◆ **Assigned task**:
Write out each line of the listing as it stands, without the images.

◆ **Material provided**:

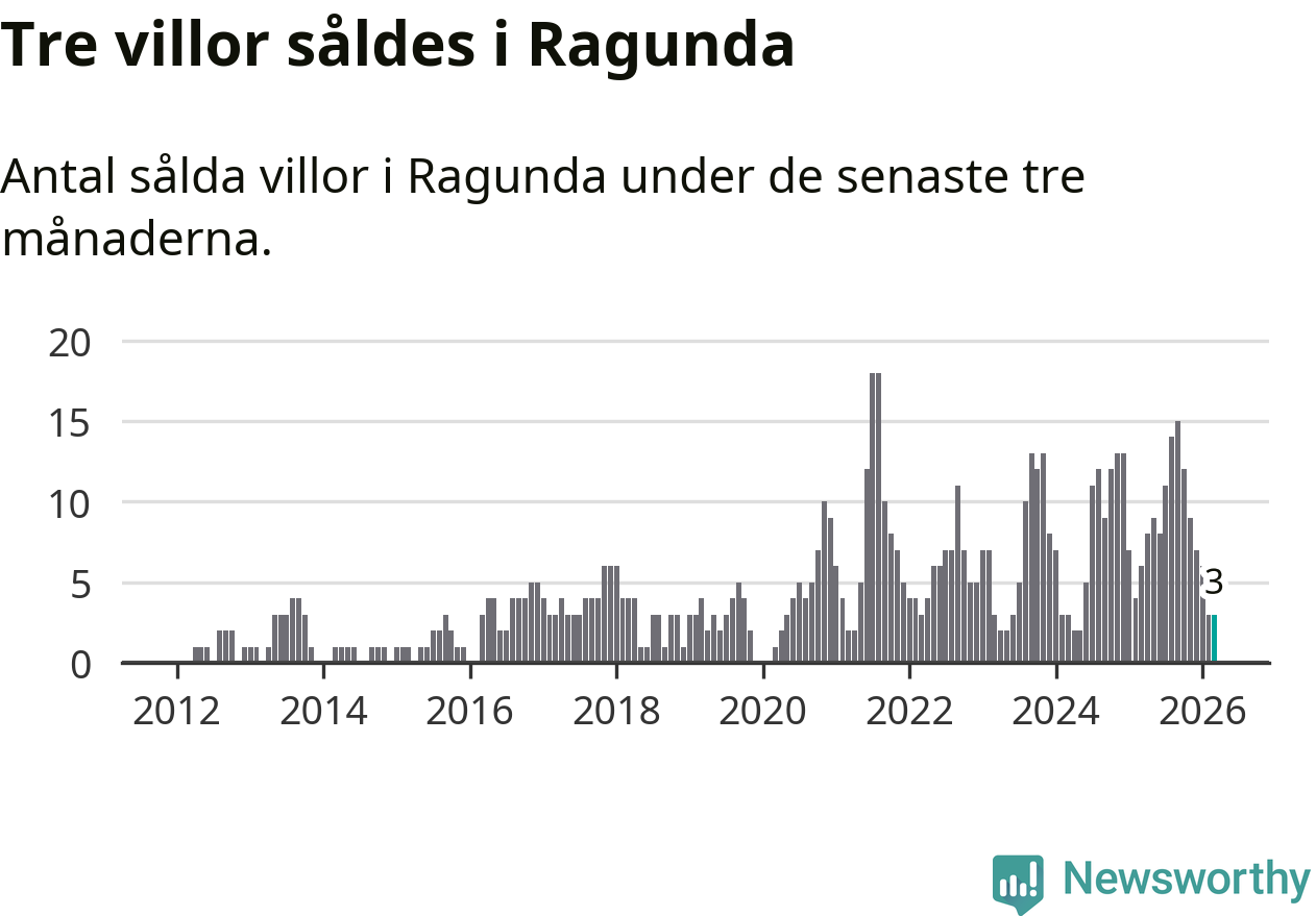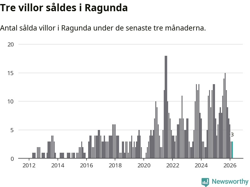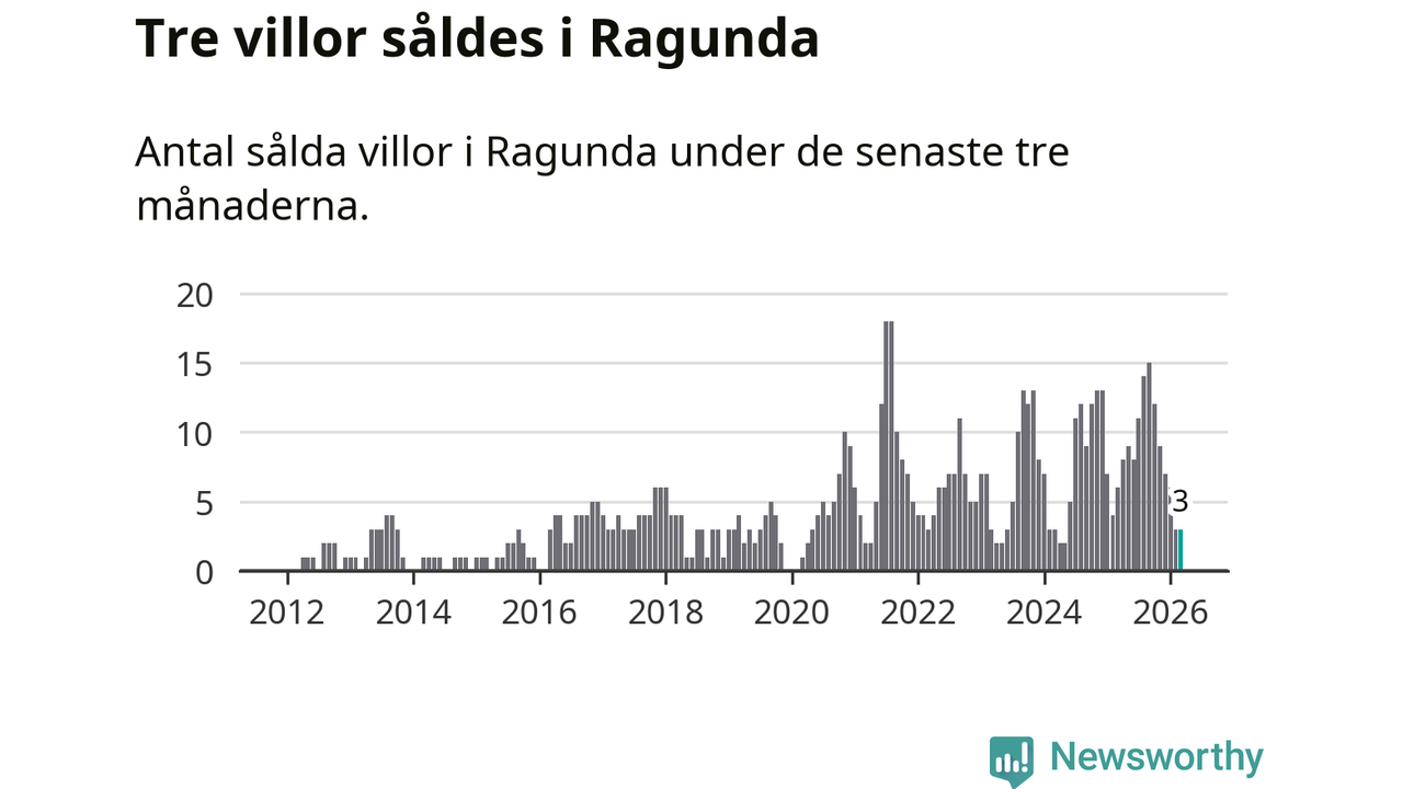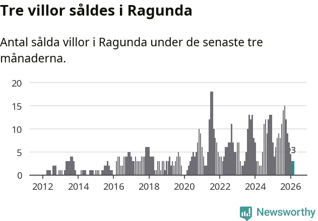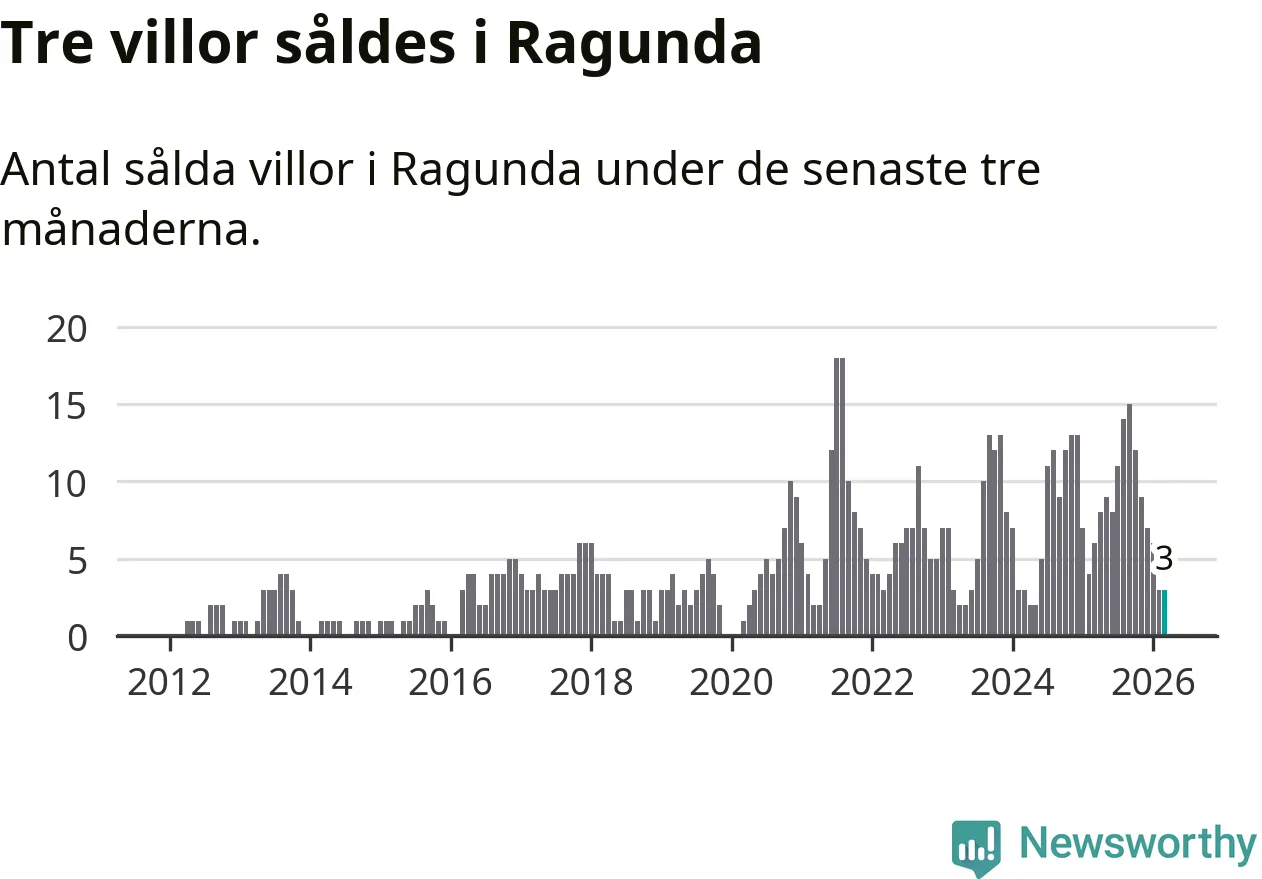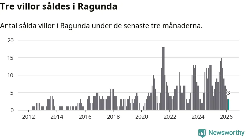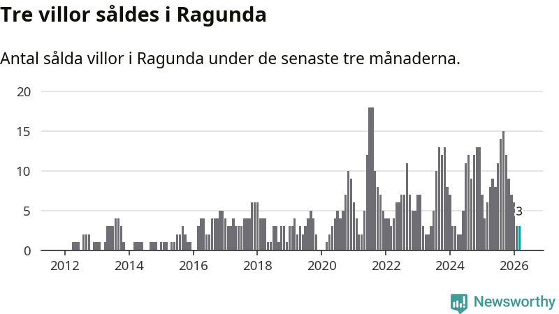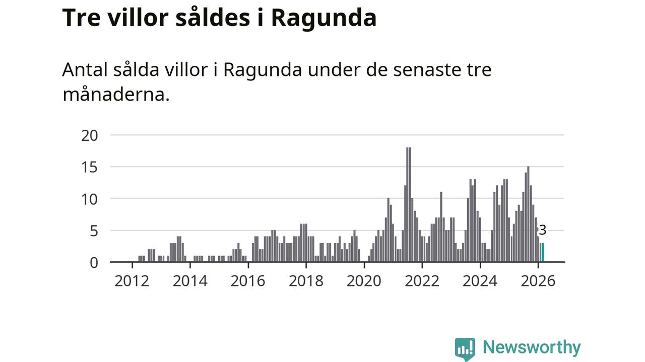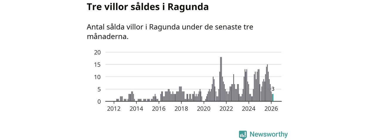 Mellan januari och mars gjordes sammanlagt tre affärer med villor i Ragunda kommun. Det kan jämföras med sex vid motsvarande tid i fjol.
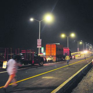 Al pasar por debajo del nuevo puente, por Juan de la Barrera y Periférico, la vía está en completa obscuridad; sólo se observa la luz de los semáforos.
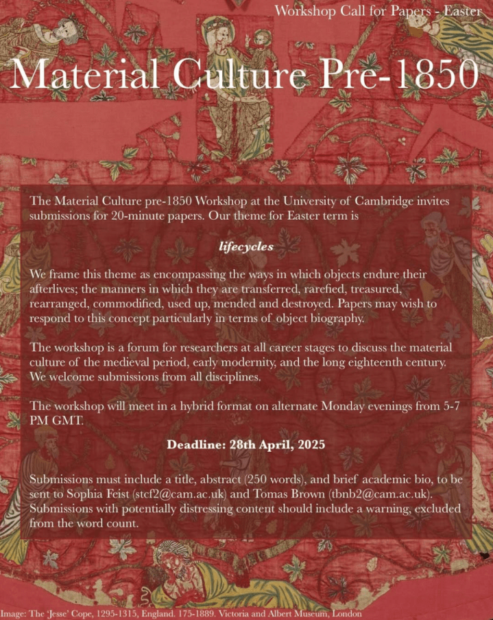The Material Culture pre-1850 Workshop at the University of Cambridge invites submissions for 20-minute papers. Our theme for Easter term is Lifecycles, which we frame as encompassing the ways in which objects endure their afterlives; the manners in which they are transferred, rarefied, treasured, rearranged, commodified, used up, mended and destroyed. Papers may wish to respond to this concept particularly in terms of object biography.

◆ **Answer box**:
 Mellan januari och mars gjordes sammanlagt tre affärer med villor i Ragunda kommun. Det kan jämföras med sex vid motsvarande tid i fjol.
 Al pasar por debajo del nuevo puente, por Juan de la Barrera y Periférico, la vía está en completa obscuridad; sólo se observa la luz de los semáforos.
The Material Culture pre-1850 Workshop at the University of Cambridge invites submissions for 20-minute papers. Our theme for Easter term is Lifecycles, which we frame as encompassing the ways in which objects endure their afterlives; the manners in which they are transferred, rarefied, treasured, rearranged, commodified, used up, mended and destroyed. Papers may wish to respond to this concept particularly in terms of object biography.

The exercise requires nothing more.